Friday, March 16, 2018

One Final Push

This weekend, the national multi-specialty survey of US physicians sponsored by Practicing Physicians of America will be closing to allow time for analysis. To date, the response to the survey has been remarkable: physicians from all 50 states and nearly every US territory have participated with 47 subspecialties (both medical and surgical) represented. In case I should forget, I should also like to add a special word of thanks to those who helped spread the word about this survey, especially members of the Pennsylvania Medical Society, the Association of Independent Doctors, and Doximity. The power of social media to reach working physicians has been amazing.

Currently, I estimate the error of the survey will be as low as ± 1 or 2%, depending on the question asked. Obviously, the more (credible) responses we receive, the more powerful the survey since non-responder bias is present with surveys.

So talk it up one last time, share it like crazy, and encourage your colleagues who have not competed the survey to do so. I have no doubt the results of this survey will be eye-opening to all.


P.S.: Goodness: Just realized I published this without the link to the survey!  Here it is:

Friday, March 09, 2018

ABIM and the ABIM Foundation: Consumer Fraud?

Early Tuesday morning I attended an excellent continuing educational video-conference hosted by Paul Friedman, MD at the Mayo Clinic at our institution. Anyone who knows Paul knows what an excellent educator and mentor he has become for electrophysiologists around the world. The case involved patient that was a CRT failure, the workup of that condition, the decisions made, and how they handled the case using His bundle pacing, with some pearls about that physiology. I attended the conference voluntarily and without coercion because of the excellent educational value it provides me yet I received no continuing medical education credit (CME) or ABMS Maintenance of Certification (MOC®) credit for doing so.

Because I wasn't scheduled to start a case after that, I then attended a lecture on pulmonary hypertension and its management delivered by one of our cardiology fellows. That lecture was  sanctioned by the University of Chicago as qualifying for CME credit, but not MOC. It, too, was excellent, and refreshed my understanding of the various oral and intravenous therapies available to treat this disorder. I then traveled to another hospital to perform three procedures.

ABIM Website - Click to enlarge
Later that day between cases, I had a colleague who has been forced to re-certify in April of this year and perform MOC® modules lest he lose his credentials to practice at our hospital, look up my publicly available information on the ABIM website for me, and there I was: certified in Internal Medicine, Cardiology, and Cardiac Electrophysiology, but not participating in MOC®.

I know most of the long-time readers of this blog are probably thinking that I should wear that "Not Participating in MOC" designation as a badge of honor, but I look at this very differently.

This designation on their website does not include my CME credits (which the ABIM co-brands with their MOC product) and suggests to the public that I "don't keep up" in my field.
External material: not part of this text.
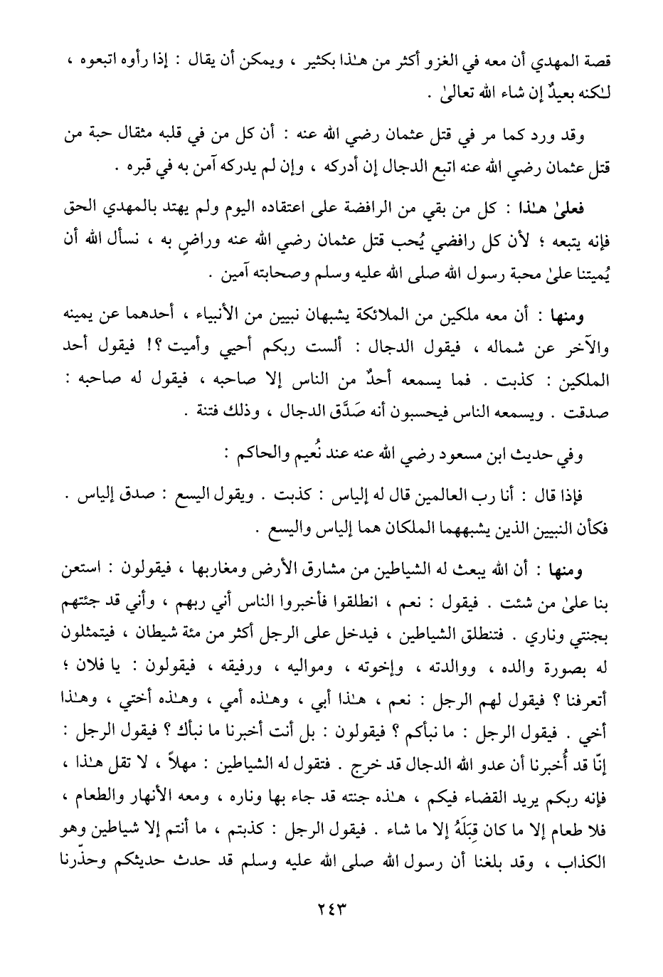 وقد ورد كما مر في قتل عثمان - رضي الله عنه -: أن كل من في قلبه مثقال حبة من قتل عثمان - رضي الله عنه - اتبع الدجال إن أدركه، وإن لم يدركه آمن به في قبره.

By co-branding MOC® with CME, they suggest they are equivalent, but they clearly are not. Not participating in certain CME offerings can't remove me or my partner from my job, but not participating in MOC® can. And if MOC is so important to the ABIM and its corporate cronies in the ACGME heirarchy (inlcuding the powerful hospital and ABMS lobbyists), how am I advertised as "certified" yet not participating in MOC®? This is confusing to the public and makes no sense, particularly when we see the fighting going on at the state legislative level over the "need" for forced "continuous education" of physicians.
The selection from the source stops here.